Please work out how many lines in the data below hold the word "with", and state only the number.

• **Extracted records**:
::::::

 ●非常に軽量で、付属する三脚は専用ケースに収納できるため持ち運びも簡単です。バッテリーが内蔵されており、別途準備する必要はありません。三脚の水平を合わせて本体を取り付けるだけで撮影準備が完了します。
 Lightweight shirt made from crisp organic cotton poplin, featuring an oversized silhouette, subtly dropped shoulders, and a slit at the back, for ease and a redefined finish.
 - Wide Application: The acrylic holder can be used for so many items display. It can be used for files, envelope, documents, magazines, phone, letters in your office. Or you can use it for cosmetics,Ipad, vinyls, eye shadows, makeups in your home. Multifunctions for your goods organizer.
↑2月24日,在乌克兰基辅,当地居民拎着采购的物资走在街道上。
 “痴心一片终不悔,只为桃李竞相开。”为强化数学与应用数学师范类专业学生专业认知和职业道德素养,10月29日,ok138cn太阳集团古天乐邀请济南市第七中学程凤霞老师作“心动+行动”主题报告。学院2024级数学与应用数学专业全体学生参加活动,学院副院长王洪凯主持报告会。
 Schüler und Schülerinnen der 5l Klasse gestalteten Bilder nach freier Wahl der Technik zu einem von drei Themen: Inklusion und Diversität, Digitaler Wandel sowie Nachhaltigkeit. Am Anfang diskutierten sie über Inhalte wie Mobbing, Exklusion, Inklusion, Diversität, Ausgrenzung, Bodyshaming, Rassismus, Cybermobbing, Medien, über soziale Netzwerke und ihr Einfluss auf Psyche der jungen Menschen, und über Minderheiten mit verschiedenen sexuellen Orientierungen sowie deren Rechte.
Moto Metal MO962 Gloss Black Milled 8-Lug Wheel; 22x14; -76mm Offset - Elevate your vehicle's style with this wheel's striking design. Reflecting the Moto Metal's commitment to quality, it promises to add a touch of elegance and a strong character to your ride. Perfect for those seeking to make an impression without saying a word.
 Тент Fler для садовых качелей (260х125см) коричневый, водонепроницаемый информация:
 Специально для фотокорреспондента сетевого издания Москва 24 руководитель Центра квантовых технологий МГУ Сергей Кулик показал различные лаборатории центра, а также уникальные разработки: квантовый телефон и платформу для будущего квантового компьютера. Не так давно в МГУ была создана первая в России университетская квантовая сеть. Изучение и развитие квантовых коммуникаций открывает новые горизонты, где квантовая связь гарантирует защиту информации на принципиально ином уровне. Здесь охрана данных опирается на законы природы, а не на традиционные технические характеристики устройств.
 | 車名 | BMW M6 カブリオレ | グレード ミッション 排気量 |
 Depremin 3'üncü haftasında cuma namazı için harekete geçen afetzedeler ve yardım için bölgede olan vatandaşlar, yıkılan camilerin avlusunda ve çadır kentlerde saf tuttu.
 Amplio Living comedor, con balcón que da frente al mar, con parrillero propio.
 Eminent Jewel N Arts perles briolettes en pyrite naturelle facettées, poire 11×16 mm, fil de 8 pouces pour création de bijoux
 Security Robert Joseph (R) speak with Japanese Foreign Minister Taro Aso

::::::

• **Response to the task**:
2